Aerobic Exercise Increases Tolerance for Pain

Pain is an essential and protective mechanism of the body. Pain threshold is a commonly used term when referring to pain and refers to the amount of stimulus required to elicit pain in an individual. Interestingly, regular exercise has shown to increase the pain threshold in humans, thereby increasing their ability to perform activities for a longer duration and in painful situations. Increased pain threshold helps people to improve their work performance, cope better with pain and decreases the need for medications to alleviate pain.

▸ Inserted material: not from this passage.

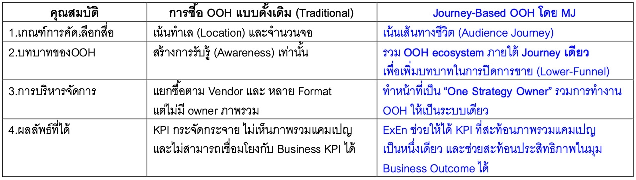 Journey-Based OOH จึงเป็นการวางแผนสื่อนอกบ้านที่ยึดเอา "เส้นทางตัดสินใจ" ของผู้บริโภคเป็นตัวตั้ง แทนที่จะยึดติดกับจำนวนจอหรือทำเลทองเพียงอย่างเดียว”

The pain threshold increases as a result of increased concentration of a substance known as beta-endorphin from the pituitary gland, commonly referred to as the “master gland” of the body.1 These substances increase the maximal work capacity of the muscles.1Furthermore, regular aerobic training exercises cause the pain threshold to increase by elevating one’s mood and self-esteem and decreasing one’s level of depression.. Changes in the perception of pain and positive moods enable an individual to perform better. Aerobic exercise has been reported to improve a person’s mood and decrease the perception of pain. It is also effective in relieving depression.2

A study at the University of Wollongong, Australia concluded that aerobic training increased pain tolerance. It was also noted that regular aerobic exercises improved vigor while decreasing fatigue, tension and depression.3

References

  1. Schwarz L, Kindermann W. Changes in Beta-endorphin Levels in Response to Aerobic and Anaerobic Exercise. Sports Med. 1992; 13(1): 25–36.
  2. Hoffman MD, Hoffman DR. Does Aerobic Exercise Improve Pain Perception and Mood? A review of the Evidence Related to Healthy and Chronic Pain Subjects. Curr Pain Headache Rep. 2007; 11(2): 93–97.
  3. Anshel MH, Russell KG. Effect of Aerobic and Strength Training on Pain Tolerance, Pain Appraisal and Mood of Unfit Males as a Function of Pain Location. J Sports Sci. 1994; 12(6): 535–547.